**WORK TO BE COMPLETED:**
Pictures aside, print all of the data below exactly as written.

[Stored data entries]

----------------

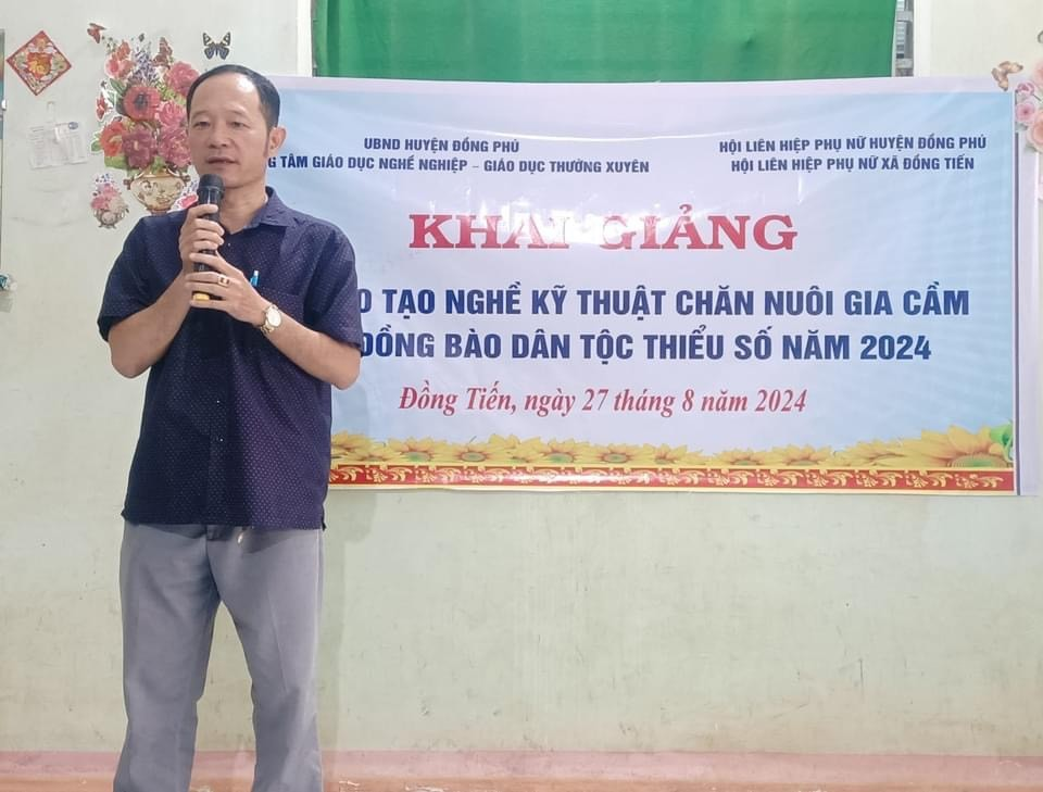 Tại lễ khai giảng, ông Trần Thanh Tâm, Phó Giám đốc Trung tâm Giáo dục nghề nghiệp - Giáo dục thường xuyên huyện đã triển khai quyết định mở lớp, thông tin về chương trình, thời gian đào tạo của lớp học; thông tin một số chế độ chính sách đối với các đối tượng tham gia học nghề. Đồng thời yêu cầu toàn thể học viên học tập nghiêm túc, đảm bảo khi kết thúc khóa học, tất cả học viên đều nắm được các kiến thức, kỹ năng cơ bản để vận dụng vào thực tế chăn nuôi gia cầm.
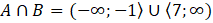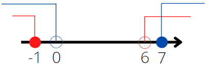 Pierwszy zbiór to suma przedziałów wszystkich liczb mniejszych bądź równych 0 lub większych od 6. Drugi to suma przedziałów wszystkich liczb mniejszych od 0 lub większych bądź równych 7. Aby ułatwić sobie wyznaczenie sumy i iloczynu tych przedziałów możesz je narysować na osi liczbowej.
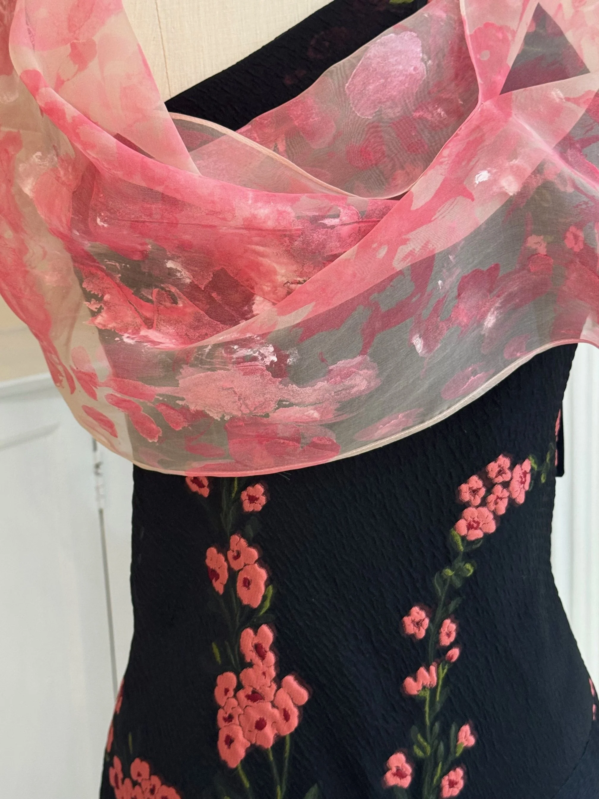 I gave the scarf to my collaborator, artist Eve Vaterlaus, to come up with some ideas. After some back and forth she painted a motif of roses and apples that the client loved.
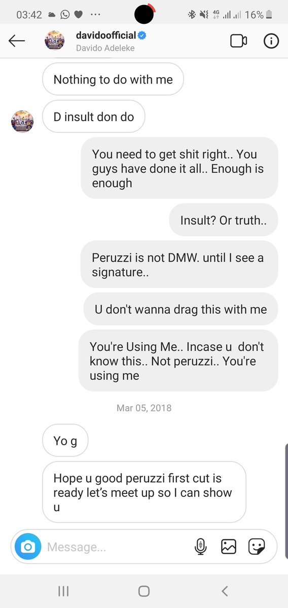 "@Davido knew peruzzi was signed to Goldenboy yet he went ahead to "Audio Sign" Peruzzi without following due process. I reached out to him, look what a so called boss had to say in my dm. Fact: @Peruzzi_VIBES is not Signed to DMW. "
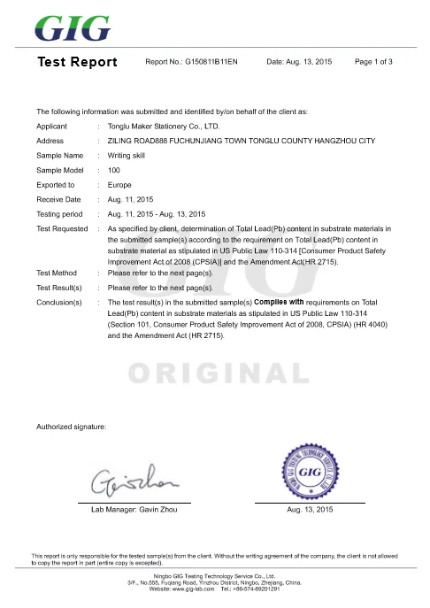 * All of our products are of the highest quality. EN-71and ASTM D 4236 test reports make us enter American and European markets easily.

----------------

**OUTPUT FOR THIS EXERCISE:**
 Tại lễ khai giảng, ông Trần Thanh Tâm, Phó Giám đốc Trung tâm Giáo dục nghề nghiệp - Giáo dục thường xuyên huyện đã triển khai quyết định mở lớp, thông tin về chương trình, thời gian đào tạo của lớp học; thông tin một số chế độ chính sách đối với các đối tượng tham gia học nghề. Đồng thời yêu cầu toàn thể học viên học tập nghiêm túc, đảm bảo khi kết thúc khóa học, tất cả học viên đều nắm được các kiến thức, kỹ năng cơ bản để vận dụng vào thực tế chăn nuôi gia cầm.
 Pierwszy zbiór to suma przedziałów wszystkich liczb mniejszych bądź równych 0 lub większych od 6. Drugi to suma przedziałów wszystkich liczb mniejszych od 0 lub większych bądź równych 7. Aby ułatwić sobie wyznaczenie sumy i iloczynu tych przedziałów możesz je narysować na osi liczbowej.
 I gave the scarf to my collaborator, artist Eve Vaterlaus, to come up with some ideas. After some back and forth she painted a motif of roses and apples that the client loved.
 "@Davido knew peruzzi was signed to Goldenboy yet he went ahead to "Audio Sign" Peruzzi without following due process. I reached out to him, look what a so called boss had to say in my dm. Fact: @Peruzzi_VIBES is not Signed to DMW. "
 * All of our products are of the highest quality. EN-71and ASTM D 4236 test reports make us enter American and European markets easily.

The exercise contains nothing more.